TASK DIRECTIONS:
Please give the whole listing again word for word, and drop any pictures it holds.

DATA SHOWN:
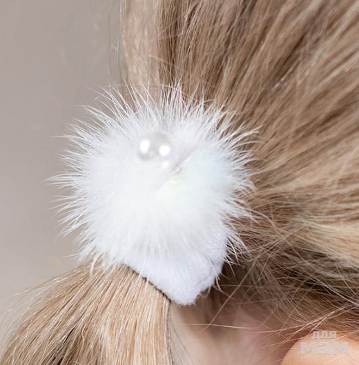 Восхитительная меховая резинка, украшена в центре жемчужиной, отлично украсит прическу девочки. Диаметр 3 см.
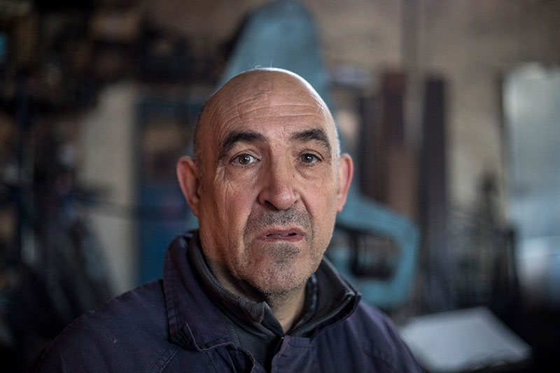 El herrero del pueblo, que ama su profesión, pertenece a una saga que lleva en la profesión desde 1842. Antiguo alcalde, no oculta su preocupación por el futuro de los pueblos.
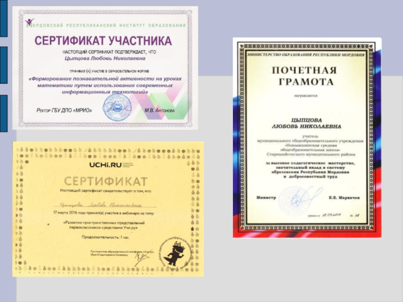 Профессиональное образование: учитель начальных классов, Ичалковское педагогическое училище им. «С.М.Кирова», диплом
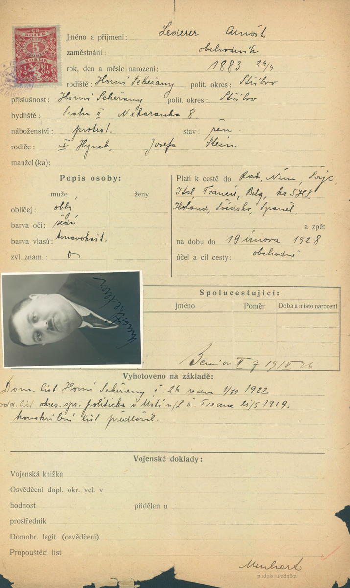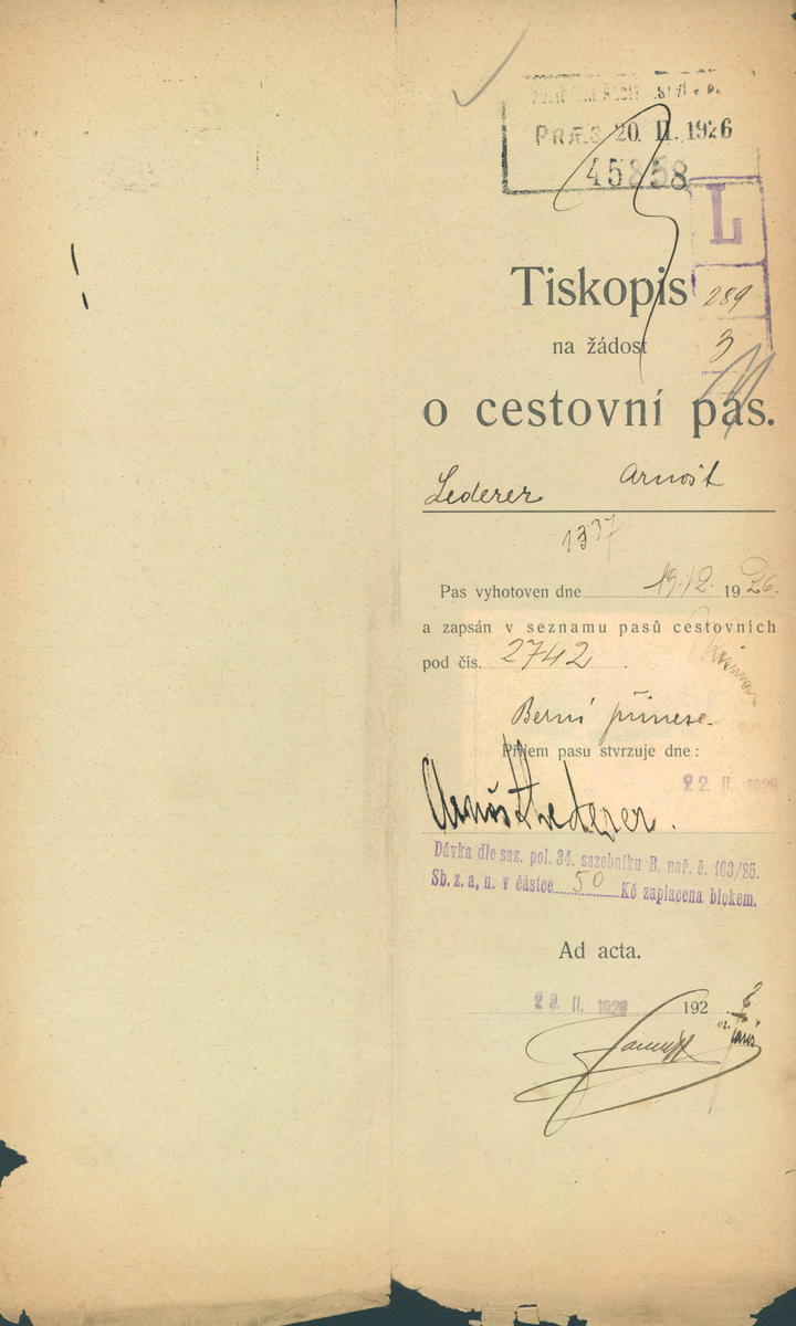 Lederer Arnošt: Žádost o vydání cestovního pasu
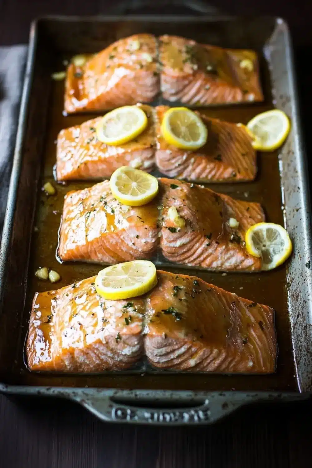 The first time I made this salmon, I was juggling a few things in the kitchen — half-listening to a podcast, half-checking my phone, and definitely a little distracted by the way the maple syrup bubbled as it hit the hot pan. The aroma of garlic mingling with the sweet glaze filled the air, and I caught myself sneaking a small taste of the glaze before it even hit the oven. Watching the salmon bake, those lemon slices crisping up just right, was oddly satisfying. It’s not always perfect; I probably left it in a minute or two longer than I should have, but honestly, that crispy edge made it even better. The tender, flaky fish paired with that sticky, flavorful glaze made me want to make it again the very next night.

RESULT OF THIS TASK:
 Восхитительная меховая резинка, украшена в центре жемчужиной, отлично украсит прическу девочки. Диаметр 3 см.
 El herrero del pueblo, que ama su profesión, pertenece a una saga que lleva en la profesión desde 1842. Antiguo alcalde, no oculta su preocupación por el futuro de los pueblos.
 Профессиональное образование: учитель начальных классов, Ичалковское педагогическое училище им. «С.М.Кирова», диплом
 Lederer Arnošt: Žádost o vydání cestovního pasu
 The first time I made this salmon, I was juggling a few things in the kitchen — half-listening to a podcast, half-checking my phone, and definitely a little distracted by the way the maple syrup bubbled as it hit the hot pan. The aroma of garlic mingling with the sweet glaze filled the air, and I caught myself sneaking a small taste of the glaze before it even hit the oven. Watching the salmon bake, those lemon slices crisping up just right, was oddly satisfying. It’s not always perfect; I probably left it in a minute or two longer than I should have, but honestly, that crispy edge made it even better. The tender, flaky fish paired with that sticky, flavorful glaze made me want to make it again the very next night.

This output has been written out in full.